What you are asked to do = Below are the records; give again exactly the lines from the one containing "Fig. 1: Tie rod end link." through the one containing "5x4s, 4x6s) before", leaving out pictures.

Input Block Start

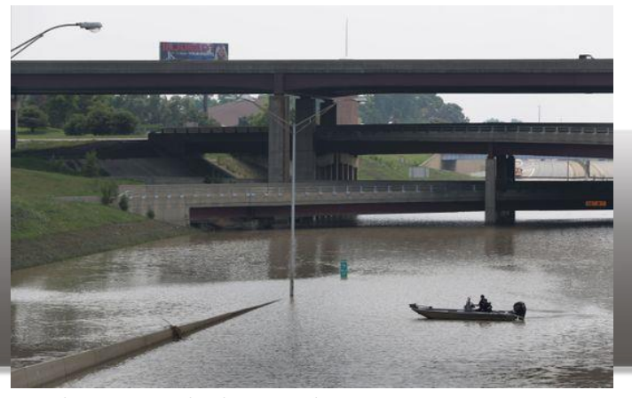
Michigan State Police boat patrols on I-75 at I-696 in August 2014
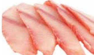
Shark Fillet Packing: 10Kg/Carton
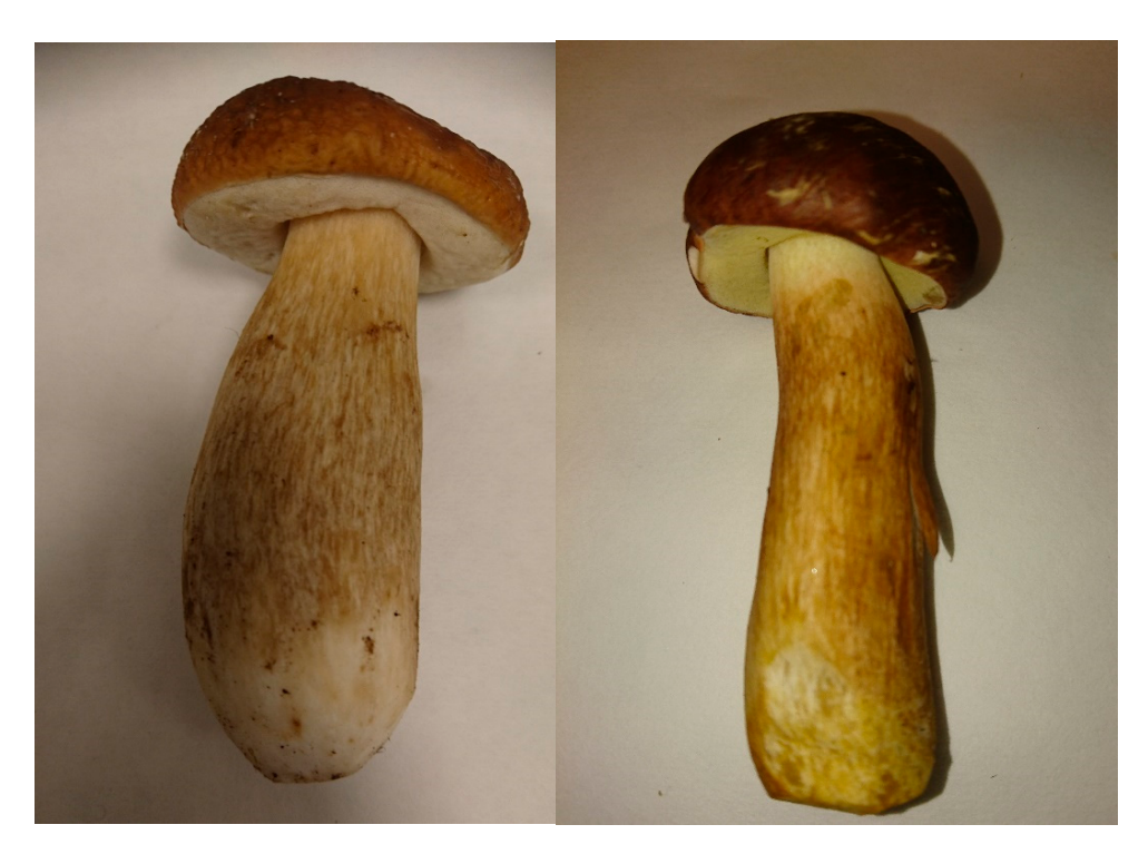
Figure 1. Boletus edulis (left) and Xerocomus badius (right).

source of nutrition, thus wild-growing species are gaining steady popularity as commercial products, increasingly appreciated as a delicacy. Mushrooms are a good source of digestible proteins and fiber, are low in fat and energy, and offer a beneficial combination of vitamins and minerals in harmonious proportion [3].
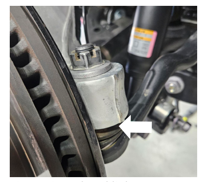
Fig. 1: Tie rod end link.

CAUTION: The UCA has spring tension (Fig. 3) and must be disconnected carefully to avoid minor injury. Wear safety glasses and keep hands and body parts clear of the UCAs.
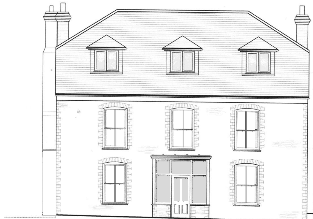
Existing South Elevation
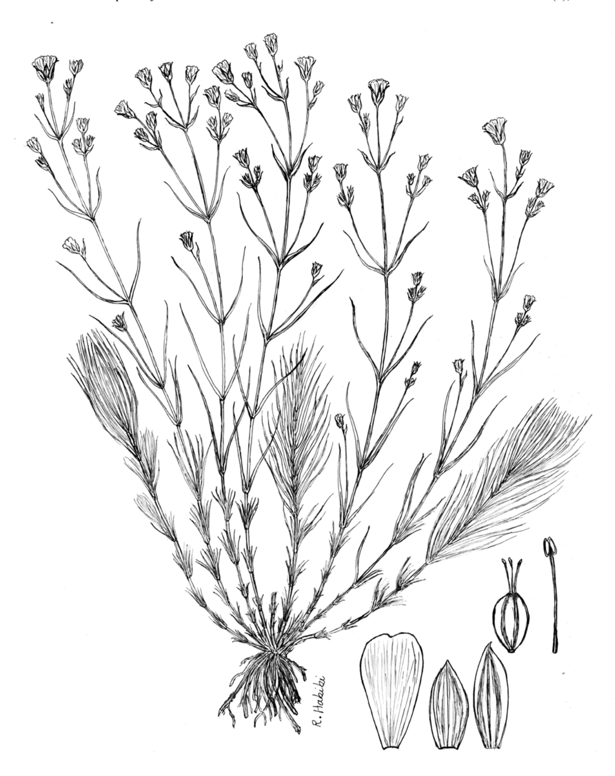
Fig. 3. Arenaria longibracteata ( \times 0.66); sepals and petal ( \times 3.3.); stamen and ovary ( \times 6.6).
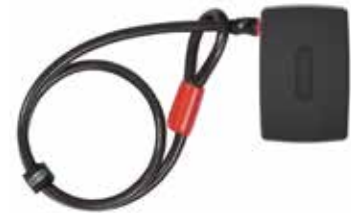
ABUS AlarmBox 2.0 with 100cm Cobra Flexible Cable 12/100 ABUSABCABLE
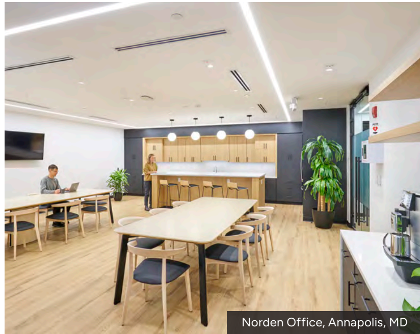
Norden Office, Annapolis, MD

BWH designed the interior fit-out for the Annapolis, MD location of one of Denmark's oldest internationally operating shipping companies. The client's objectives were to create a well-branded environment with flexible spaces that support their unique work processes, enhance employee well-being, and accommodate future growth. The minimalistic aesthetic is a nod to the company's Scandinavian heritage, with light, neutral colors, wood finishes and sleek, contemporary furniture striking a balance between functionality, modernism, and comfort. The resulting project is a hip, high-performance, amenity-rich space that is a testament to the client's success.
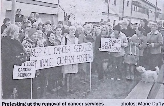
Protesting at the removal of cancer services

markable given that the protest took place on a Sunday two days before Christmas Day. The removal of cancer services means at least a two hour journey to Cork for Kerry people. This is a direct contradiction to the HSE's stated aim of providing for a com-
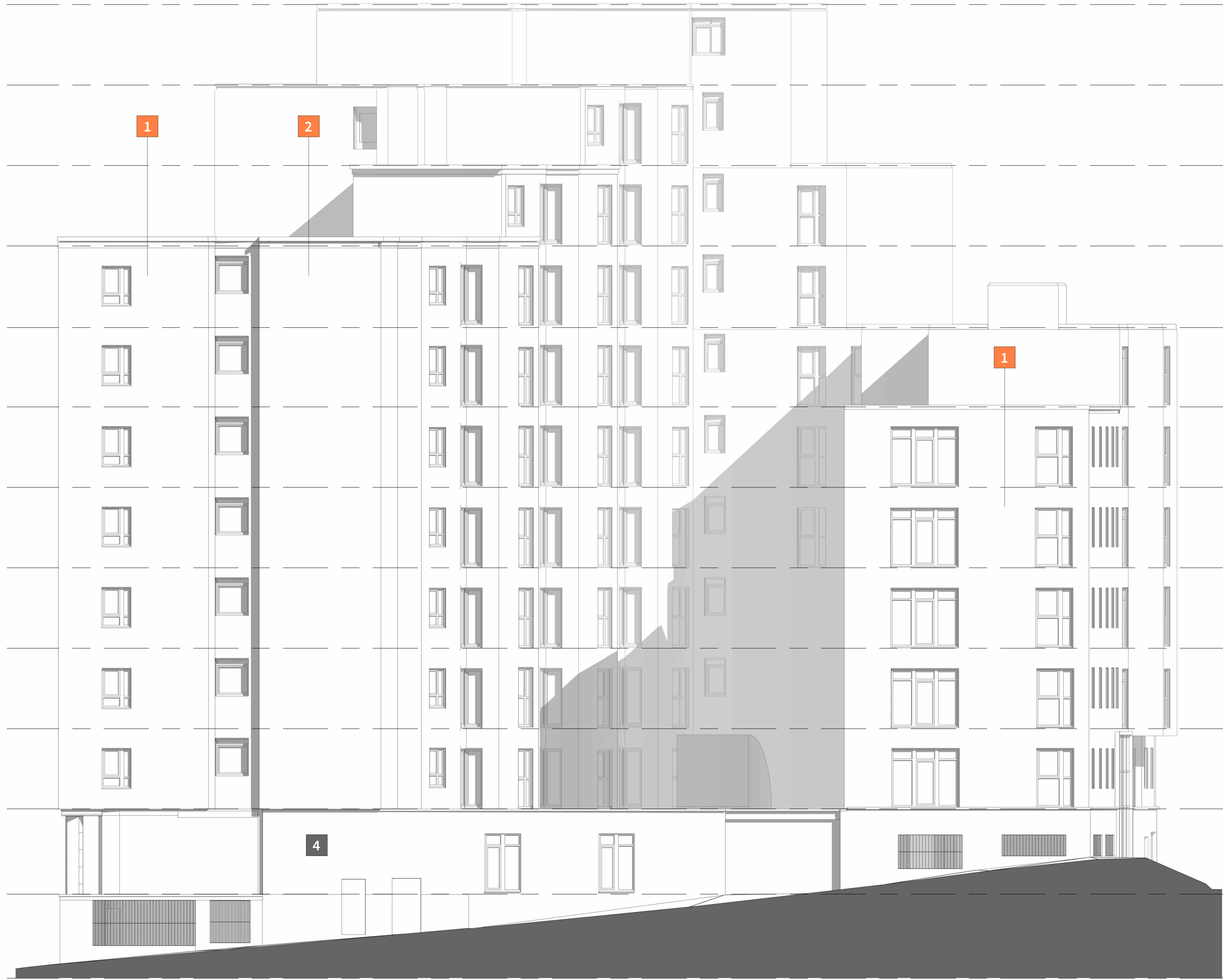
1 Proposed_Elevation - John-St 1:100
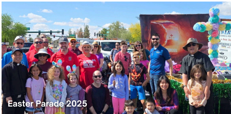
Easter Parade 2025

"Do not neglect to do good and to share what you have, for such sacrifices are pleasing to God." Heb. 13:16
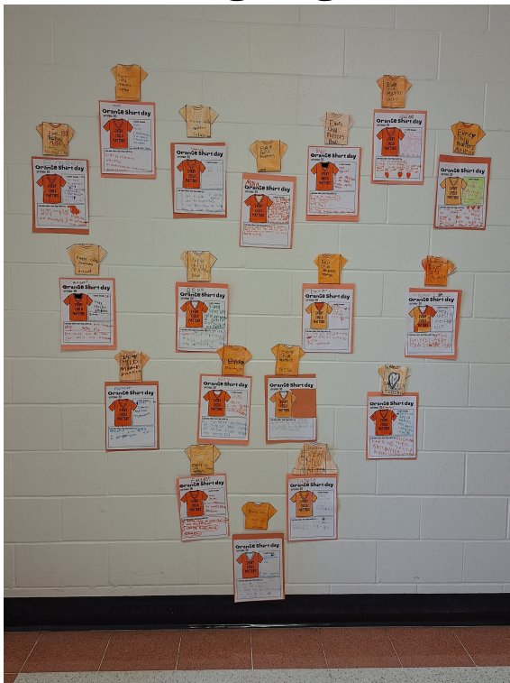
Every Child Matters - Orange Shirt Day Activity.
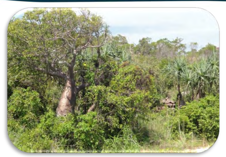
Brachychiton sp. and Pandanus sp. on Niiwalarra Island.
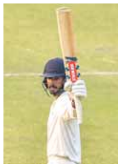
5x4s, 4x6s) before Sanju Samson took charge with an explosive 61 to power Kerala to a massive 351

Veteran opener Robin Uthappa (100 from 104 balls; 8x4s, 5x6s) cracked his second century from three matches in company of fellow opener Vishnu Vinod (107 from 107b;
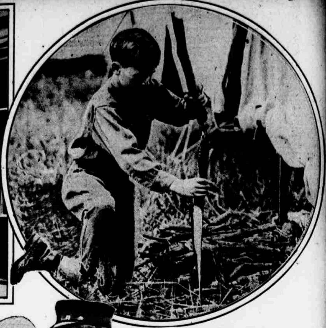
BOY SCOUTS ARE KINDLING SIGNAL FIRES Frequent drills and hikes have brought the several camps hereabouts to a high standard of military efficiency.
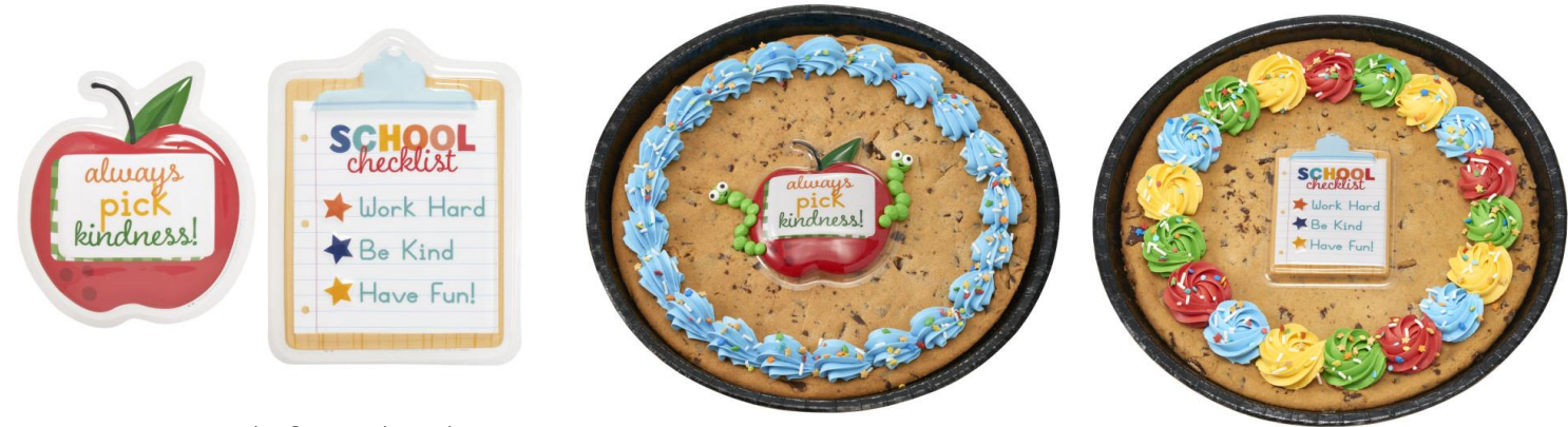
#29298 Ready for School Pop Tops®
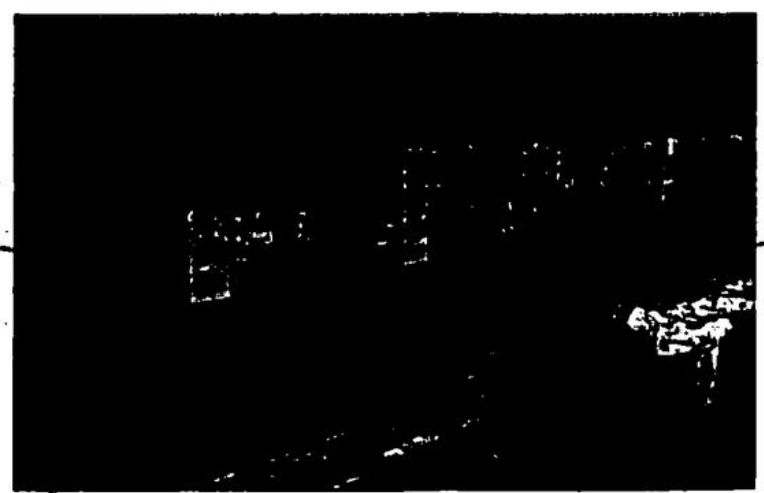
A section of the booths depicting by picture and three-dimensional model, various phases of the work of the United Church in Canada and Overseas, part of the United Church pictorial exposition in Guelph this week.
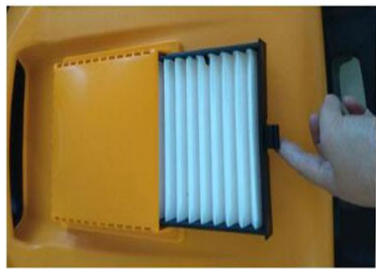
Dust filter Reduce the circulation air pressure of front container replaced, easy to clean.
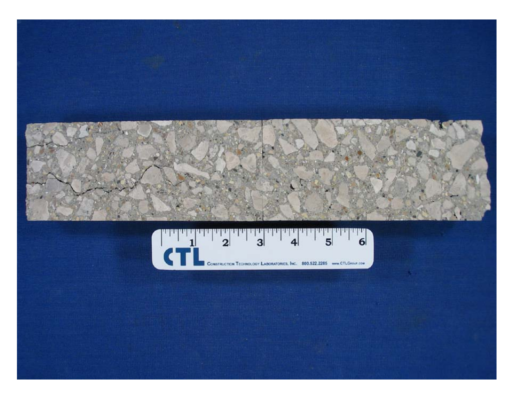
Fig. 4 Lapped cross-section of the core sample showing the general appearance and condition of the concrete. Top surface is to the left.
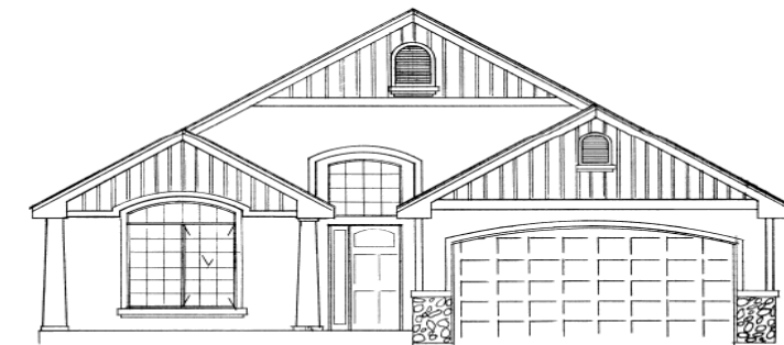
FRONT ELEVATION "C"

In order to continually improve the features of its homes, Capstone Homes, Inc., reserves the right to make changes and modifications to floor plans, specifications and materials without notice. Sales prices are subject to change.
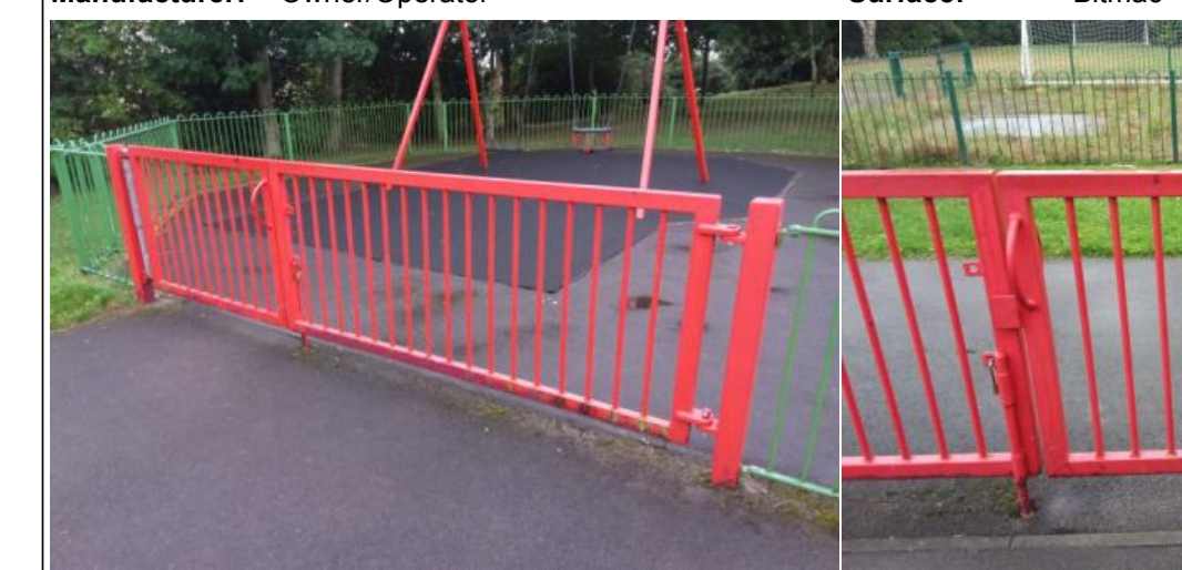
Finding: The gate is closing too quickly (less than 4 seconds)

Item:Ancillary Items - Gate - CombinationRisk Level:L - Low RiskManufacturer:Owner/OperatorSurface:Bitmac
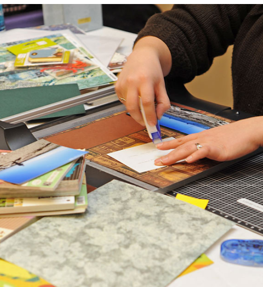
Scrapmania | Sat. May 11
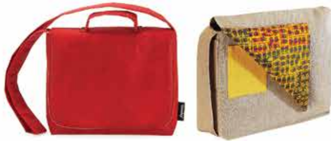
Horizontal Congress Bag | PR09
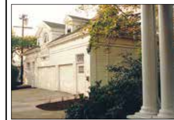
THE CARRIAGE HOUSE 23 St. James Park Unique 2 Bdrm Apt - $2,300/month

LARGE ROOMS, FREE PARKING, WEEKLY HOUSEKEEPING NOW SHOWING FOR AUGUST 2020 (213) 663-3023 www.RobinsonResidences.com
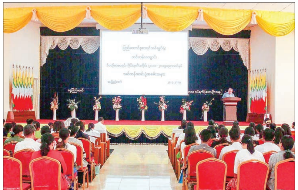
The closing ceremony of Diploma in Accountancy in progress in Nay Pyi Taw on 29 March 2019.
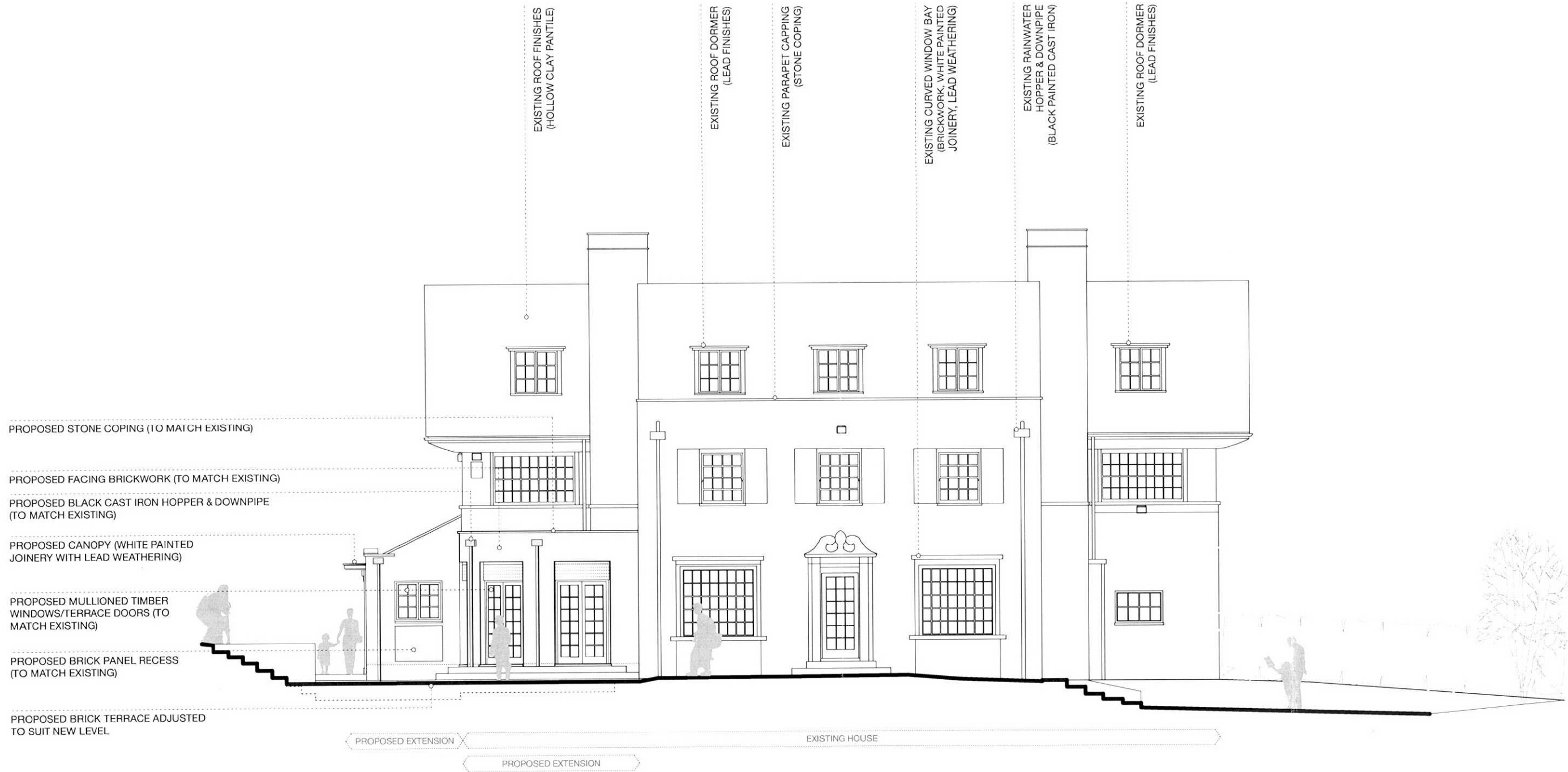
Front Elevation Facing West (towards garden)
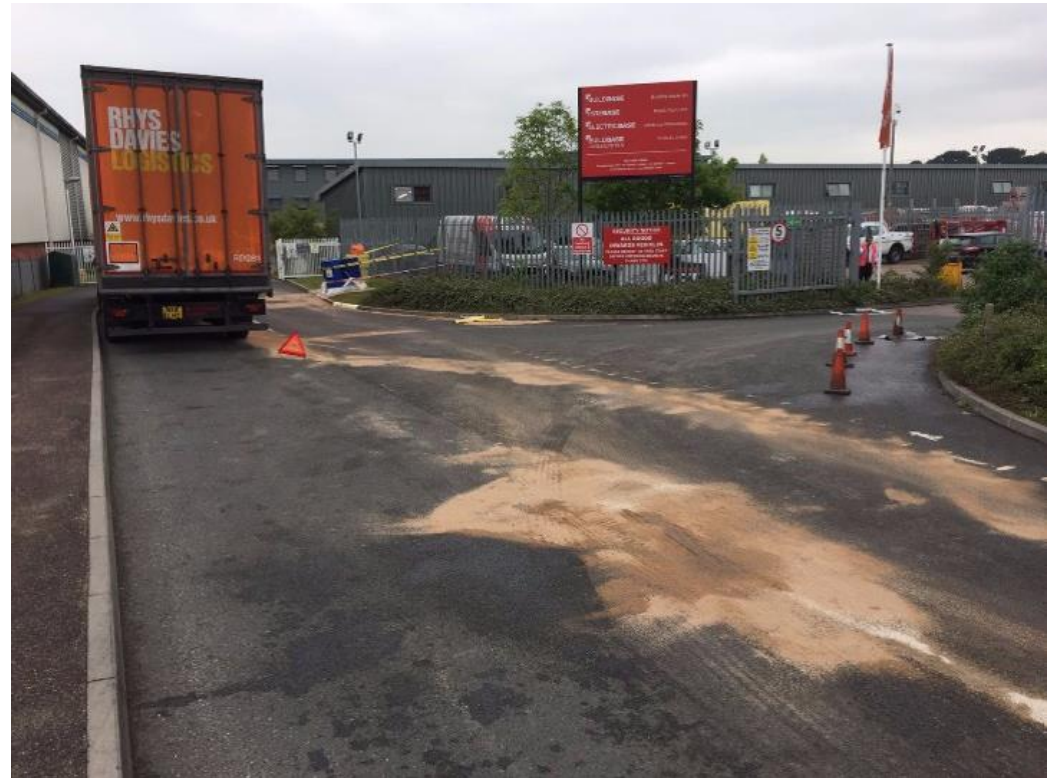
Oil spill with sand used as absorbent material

Input Block End

Task output =
Fig. 1: Tie rod end link.

CAUTION: The UCA has spring tension (Fig. 3) and must be disconnected carefully to avoid minor injury. Wear safety glasses and keep hands and body parts clear of the UCAs.
Existing South Elevation
Fig. 3. Arenaria longibracteata ( \times 0.66); sepals and petal ( \times 3.3.); stamen and ovary ( \times 6.6).
ABUS AlarmBox 2.0 with 100cm Cobra Flexible Cable 12/100 ABUSABCABLE
Norden Office, Annapolis, MD

BWH designed the interior fit-out for the Annapolis, MD location of one of Denmark's oldest internationally operating shipping companies. The client's objectives were to create a well-branded environment with flexible spaces that support their unique work processes, enhance employee well-being, and accommodate future growth. The minimalistic aesthetic is a nod to the company's Scandinavian heritage, with light, neutral colors, wood finishes and sleek, contemporary furniture striking a balance between functionality, modernism, and comfort. The resulting project is a hip, high-performance, amenity-rich space that is a testament to the client's success.
Protesting at the removal of cancer services

markable given that the protest took place on a Sunday two days before Christmas Day. The removal of cancer services means at least a two hour journey to Cork for Kerry people. This is a direct contradiction to the HSE's stated aim of providing for a com-
1 Proposed_Elevation - John-St 1:100
Easter Parade 2025

"Do not neglect to do good and to share what you have, for such sacrifices are pleasing to God." Heb. 13:16
Every Child Matters - Orange Shirt Day Activity.
Brachychiton sp. and Pandanus sp. on Niiwalarra Island.
5x4s, 4x6s) before Sanju Samson took charge with an explosive 61 to power Kerala to a massive 351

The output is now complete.